Le père, alerté par une autre petite cousine, arrive et tente de calmer son garçon malade. Cela semble être le cas, mais lorsque le père demande à la mère d’appeler les gendarmes, l’accusé part en courant, il revient avec le couteau et un assaut désordonné commence.

C’est alors la nièce de 15 ans qui attrape d’abord l’accusé par le cou, d’autres proches la rejoignent et ils réussissent à plaquer l’accusé au sol, un genou sur le cou, un autre sur le bras qui tient encore le couteau. Face à la maladie de l’accusé, les gendarmes demandent rapidement l’avis d’un médecin psychiatre pour savoir si son état de santé est compatible avec une garde à vue et un placement en détention.

C’est le cas, selon le médecin.
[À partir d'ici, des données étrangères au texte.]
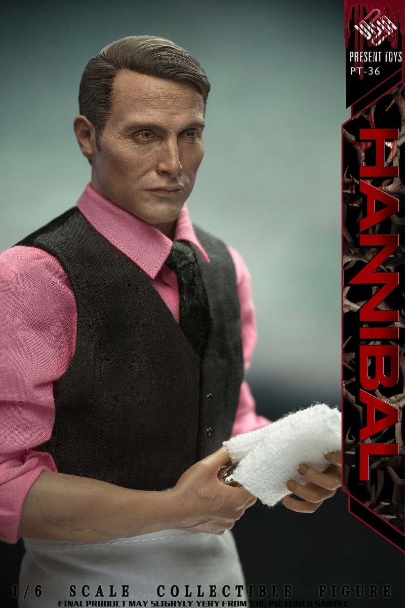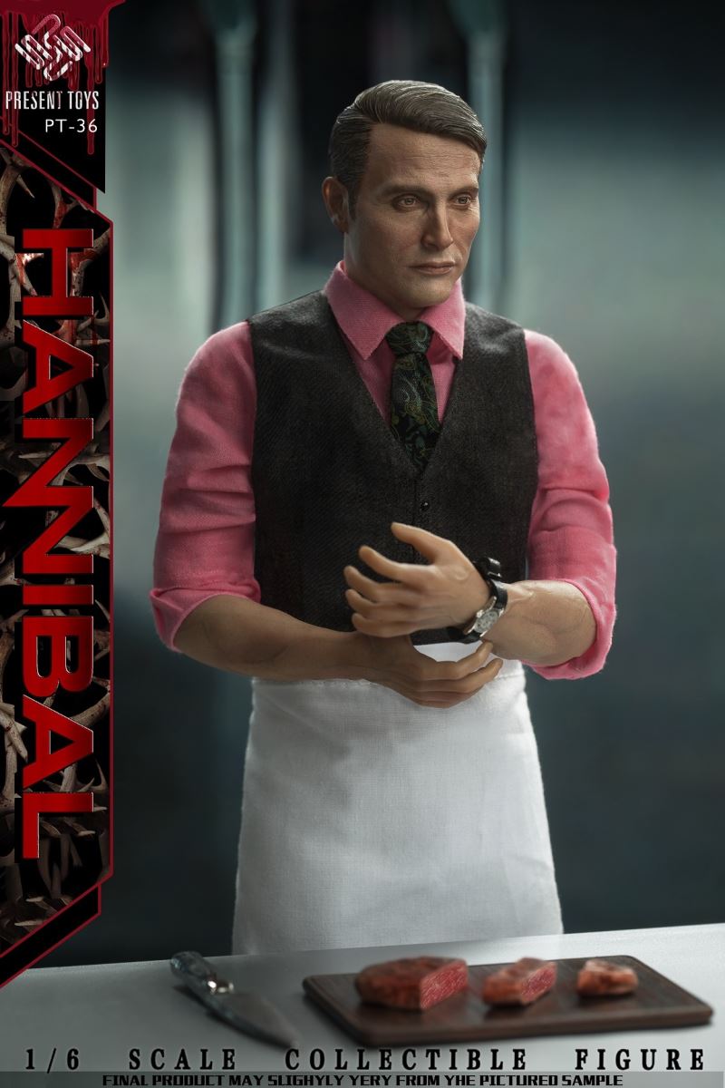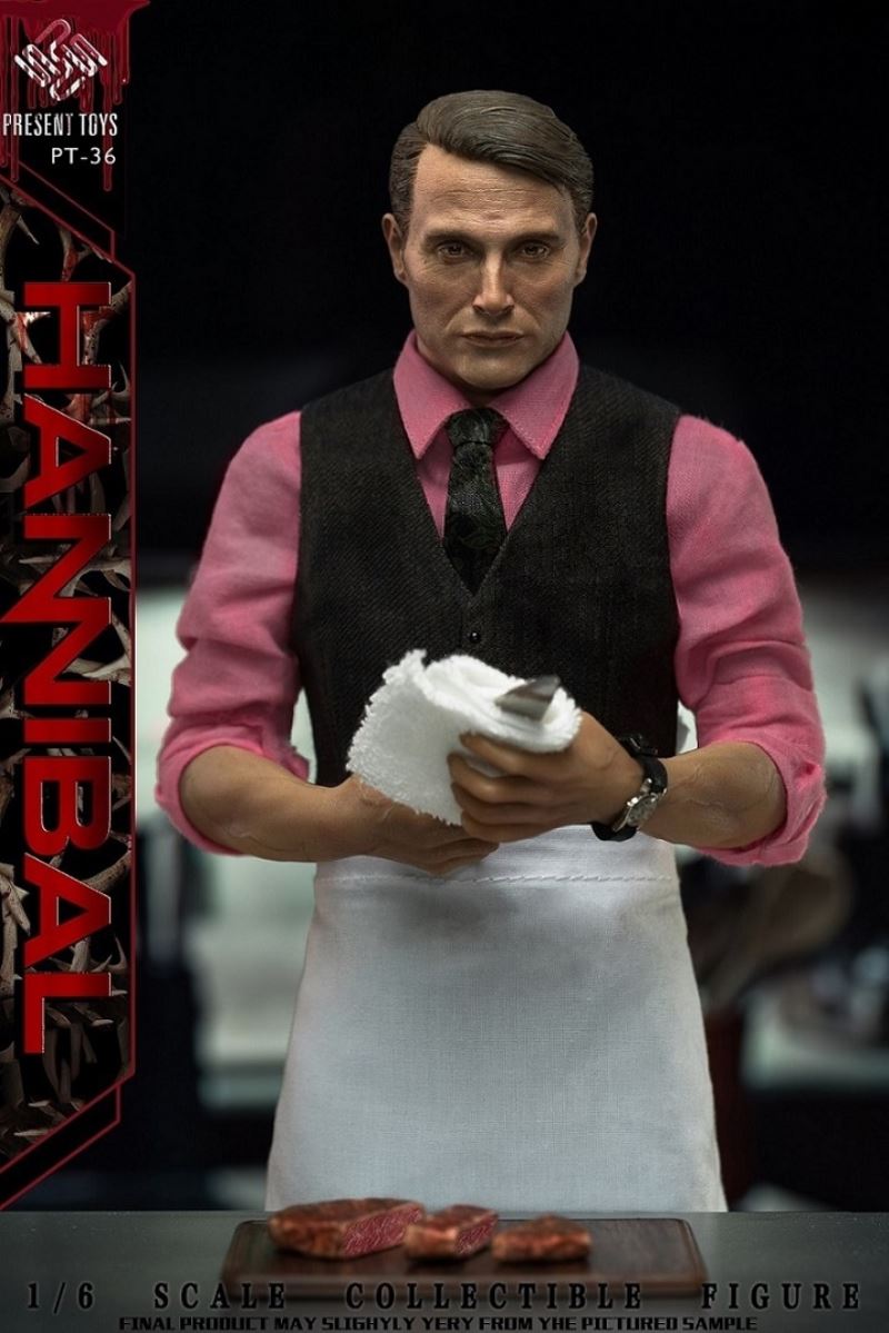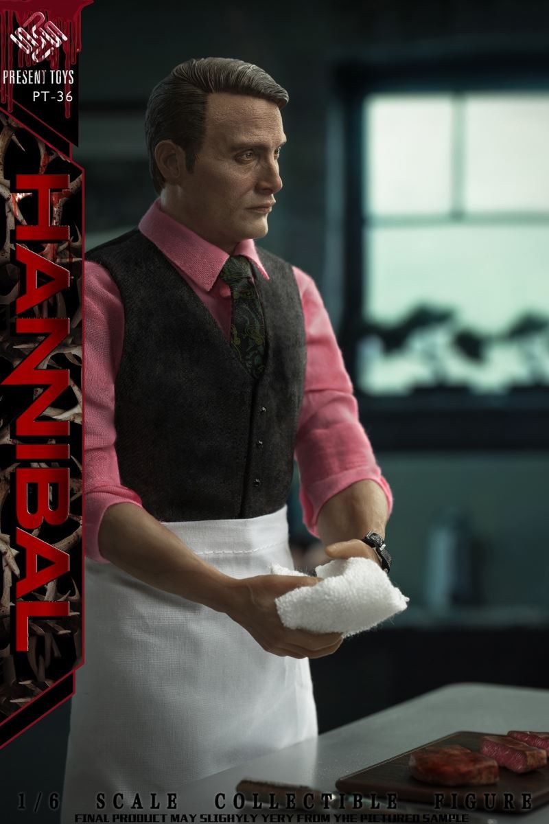 PRESENT TOYS New Product: 1:6 collectible toy – HannibalPRESENT TOYS is proud to release a new product: 1:6 collectible toy – Hannibal.Product Specs:Name: HannibalProduct Number: PT-sp36Scale: 1/6Official price:880 RMBProduct List:Head sculpture *1 Articulated body*1Arm*4Chef table * 1Chopping board * 1Chef knife * 1Steak*3Watch * 1Towel*1Exclusive platform*1Costume:Shirt * 1Vest * 1Tie * 1Trousers * 1Chef apron * 1Leather shoes * 2Estimate release date 2022 2nd-3rd quarter(subject to the actual delivery time of the manufacturer.)

Les gendarmes ne notent aucun trouble visible de la pensée ou du comportement de l’accusé lors de son arrestation. Ensuite, il ne dit rien ou presque lors des auditions. On n’en sait pas plus sur les raisons de sa colère après son passage devant le magistrat instructeur. “Il ne dit rien. J’ai quelqu’un d’absent en face de moi”, dit le gendarme qui l’interroge.

Des yeux écarquillés

C’est le symptôme qui fait dire à tous ceux qui le connaissent qu’il était en crise. “Il était possédé” dit la mère. “Un regard de psychopathe” selon la jeune cousine, qui défend tout de même celui qu’elle présente comme le gentil fou du quartier, dont certains jeunes se moquent parfois c’est vrai, car on voit souvent ses fesses lorsque le short qu’il tient tout le temps à la main, tombe.

Mais au moment où il frappe son petit ami, elle a compris qu’il n’était plus lui-même. Elle le sait, elle l’a vu dans ses yeux. Dans ces moments-là, dit-elle, ils ne clignent plus et restent grands ouverts. Elle précise : “Même quand on le tapait pour le maîtriser il fermait pas les yeux”. Le père dit lui aussi qu’il a demandé à sa femme d’appeler les gendarmes lorsqu’il a justement vu la même noirceur dans les yeux de son fils, il sait ce que cela veut dire.

La cour va donc devoir décider si cet homme, qui s’exprime comme un enfant, est apte à être jugé, lui qui a passé toute l’audience la tête entre les genoux, le corps plié en deux vers le sol. Sa famille a déjà fait savoir que son souhait était de s’occuper à nouveau de lui après son procès ou sa peine de prison. Le père espère que la médecine pourra lui rendre un enfant “stabilisé”. La mère déclare en larmes : “Sans lui, le foyer est incomplet“, elle qui doit aussi gérer un aîné tétraplégique après un terrible accident de surf. Il avait lourdement chuté sur le spot de Pipeline à Hawaii en 2015.

Ce mardi, deux experts psychiatres doivent témoigner pour aider la cour à évaluer la nuance entre un discernement de l’accusé possiblement altéré, ou totalement aboli. Avait-il l’intention de tuer ou était-il en crise, irresponsable de ses actes ? Une tâche ardue, puisque à cette interrogation deux experts ont déjà rendu des avis différents pendant l’instruction.